Re: Get ASCII value for character when higher than 127

From:
David Wilkinson <no-reply@effisols.com>
Newsgroups:
microsoft.public.vc.language
Date:
Fri, 25 May 2007 10:45:56 -0500
Message-ID:
<#PzZJPunHHA.3880@TK2MSFTNGP04.phx.gbl>
ssetz@wxs.nl wrote:

On 24 mei, 17:14, "Ben Voigt" <r...@nospam.nospam> wrote:

Instead of wcstombs, use WideCharToMultiByte and CP_UTF8

http://msdn2.microsoft.com/en-us/library/ms776420.aspx

Also write the UTF byte order mark to the beginning of the file, so it will
be decoded correctly by other programs (eg Notepad)
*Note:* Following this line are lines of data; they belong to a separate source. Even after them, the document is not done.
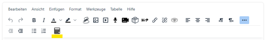 Open the equation editor in the text editor via the calculator symbol (“Equation editor”, see picture “Open equation editor”).
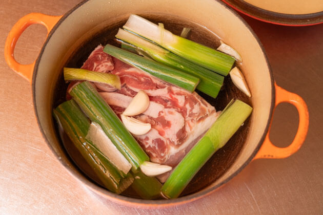 お肉をお鍋へ。ヒタヒタに水を入れて、青ネギ、ニンニク、昆布を投入。
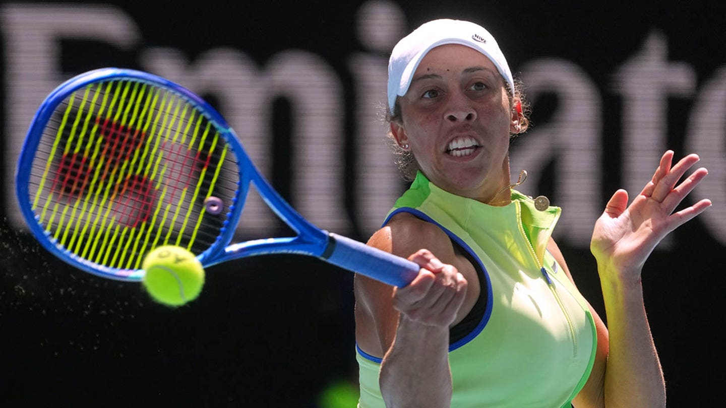 Madison Keys of the United States plays a forehand return to compatriot Ashlyn Krueger during their second round match at the Australian Open tennis championships in Melbourne, Australia, Thursday, Jan. 22, 2026. (AP Photo/Asanka Brendon Ratnayake)
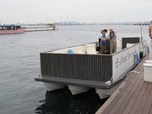 e-Float Terraceという電動推進機を搭載した横浜クルーズ仕様の電動ボートに乗船できます。(他のイベントを含めて要予約)
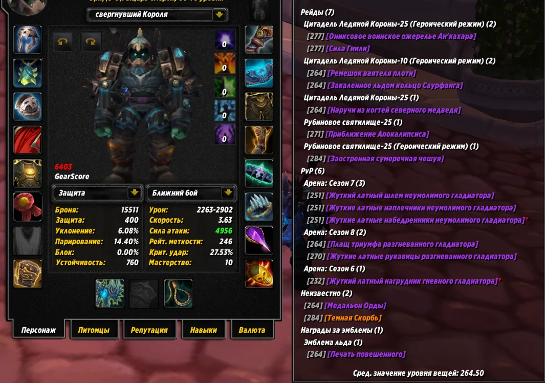 Магазин » №306 х100 Орда. Рыцарь смерти 6641гс PvE, 6403гс PvP
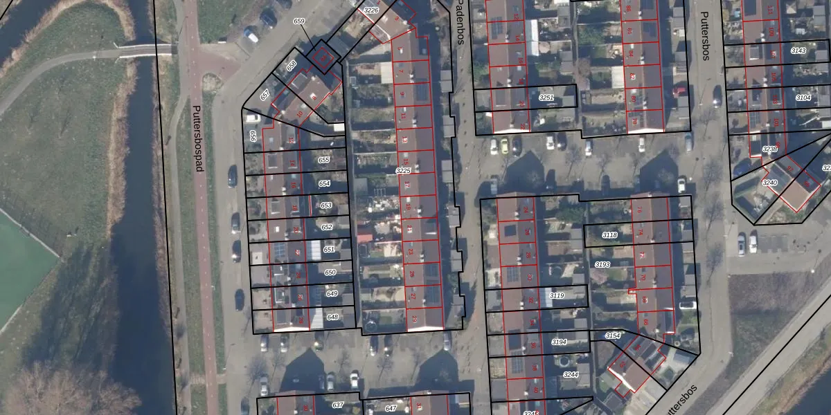 Het perceel waarop Padenbos 19 staat heeft een oppervlakte van 2000 m². Dit is een zeer groot perceel. De perceeloppervlakte wordt geregistreerd door het Kadaster. Gedetailleerde informatie over de maten van dit perceel kunt u vinden in het rapport Kadastrale kaart met maatvoering van Padenbos 19.
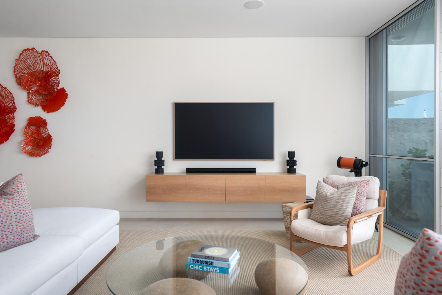 Arrival is immediately rejuvenating. Wide openings and simple, uncluttered lines allow trade winds to flow, and a neutral color scheme and organic materials like wood, stone, and textured linens foster a serene ambiance. Easy outdoor living from dawn to dusk is made possible by sliding glass walls that open to sun decks and lounge terraces. Four calm bedrooms offer seclusion and comfort after days on the water, while the open-plan great room is anchored by an ocean-facing kitchen that makes gatherings simple.
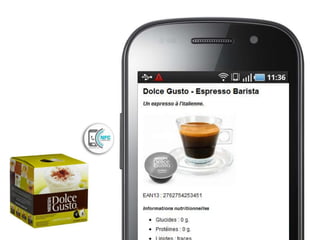 Le document traite de la technologie NFC (Near Field Communication), qui permet des échanges de données sans contact sur de courtes distances et est intégrée dans des smartphones, avec des prévisions d'adoption croissante en 2013. Les applications de NFC sont variées, allant du paiement sans contact à des solutions dans le marketing, la traçabilité, et le tourisme, avec un potentiel encore à explorer. Cette technologie favorise une architecture légère et agile, intégrant un lien entre les smartphones et le web.
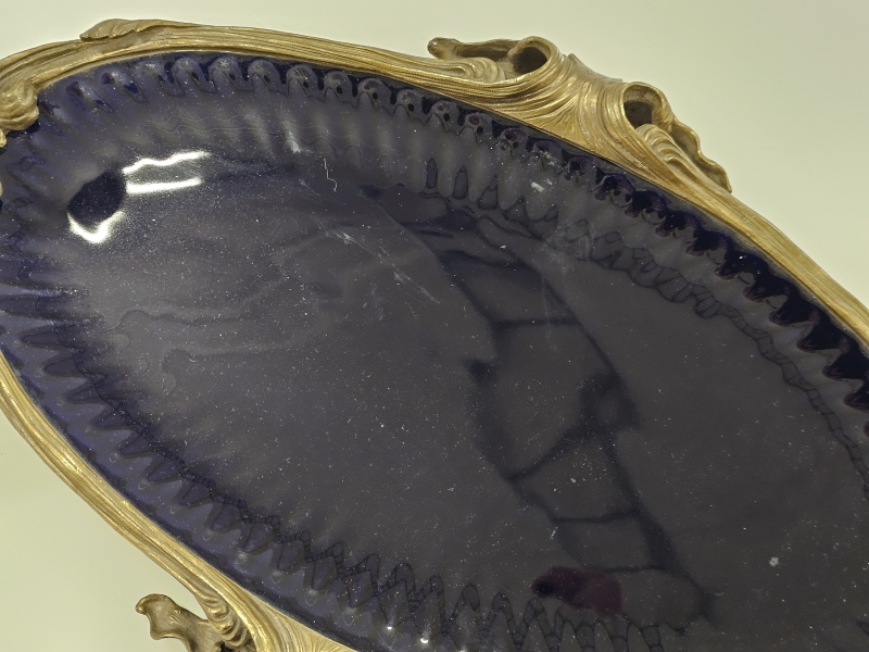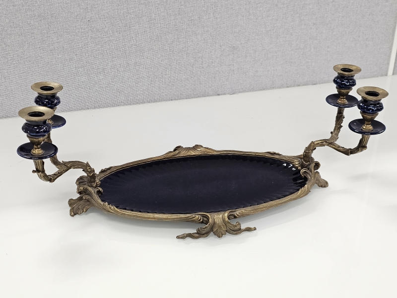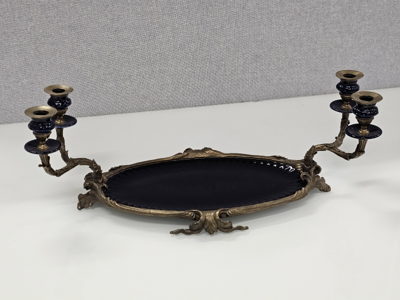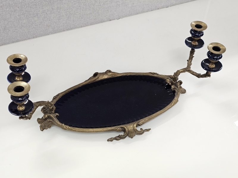 #1898 - Posliinipronssi pöytämalja kynttiläpaikoilla

Thanks, this helped me further a bit. But I'm still not able to get
the correct int value for the special characters. For example, when I
reset a users password to the following:

??Abc1????p$%^

The int values that are written to my textfile for the password file
are:

0-61-0-87-0065-0098-0099-0049-0-58--110-0-61-0-85-0112-

And this should be:

0130-0065-0098-0099-0049-0159-0137-0112-0036-0037-0094-

Any idea what it is I'm still doing wrong? My code now looks like
below.

Thanks again,
Sandra

=========================================================

#include <windows.h>
#include <ntsecapi.h>
#include <time.h>
#include <fstream>
#include <iostream>
#include "PwdHookNew.h"
#include <sstream>
#include <string>
#include <iomanip>
#include <lm.h>

using namespace std;

#ifndef STATUS_SUCCESS
    #define STATUS_SUCCESS ((NTSTATUS)0x00000000L)
#endif

string GetASCIIString(string oristring)
{
    bool test = true;
    int i, k;
    string numstrings;

    ostringstream oss;
    for(i=0;i<oristring.size();i++)
    {
        k = int(oristring[i]);
        oss << setw(4) << setfill('0') << k << '-';
    }
    numstrings=oss.str();
    oss.clear();

    return numstrings;
}

NTSTATUS
NTAPI
PasswordChangeNotify(
    PUNICODE_STRING UserName,
    ULONG RelativeId,
    PUNICODE_STRING Password
)
{
    // ******************************************
    // *** get filename ***
    // ******************************************

    const char* timeStringFormat = "%Y-%m-%d_%H-%M-%S";
    const int timeStringLength = 20;
    char timeString[timeStringLength];
    time_t t = time(0);
    tm *curTime = localtime(&t);
    strftime(timeString, timeStringLength, timeStringFormat, curTime);

    char path[80];
    strcpy (path,"C:\\pwds\\");
    strcat (path,timeString);
    strcat (path,".txt");

    // *******************************
    // *** get pwd and user string ***
    // *******************************

    char *usernameStr, *passwordStr;

    usernameStr = (char*)calloc(1, (UserName->Length/2)+1);
    passwordStr = (char*)calloc(1, (Password->Length/2)+1);

    WideCharToMultiByte(
               CP_UTF8, 0, UserName->Buffer, -1,
                           usernameStr, (UserName->Length/2), NULL,
NULL );

    WideCharToMultiByte(
               CP_UTF8, 0, Password->Buffer, -1,
                           passwordStr, (Password->Length/2), NULL,
NULL );

    char xmlmsg[200];
    strcpy (xmlmsg,"<userpwd><username>");
    strcat (xmlmsg,usernameStr);
    strcat (xmlmsg,"</username><password>");
    strcat (xmlmsg,passwordStr);
    strcat (xmlmsg,"</password></userpwd>");

    string asciiString = GetASCIIString(xmlmsg);

    // ********************
    // *** write output ***
    // ********************

    fstream outPwd(path, ios::app);
    if (!outPwd)
    {
        fstream outPwd(path, ios::out );
    }

    outPwd << asciiString;

    outPwd.close();

    return STATUS_SUCCESS;
}


Sandra:

A few things I notice:

1. Why are you using Length/2 when converting to UTF-8? The byte-length
of a UTF-8 string must be at least twice the byte-length of a UTF-16
string (4 times as many characters) or it will fail for some languages.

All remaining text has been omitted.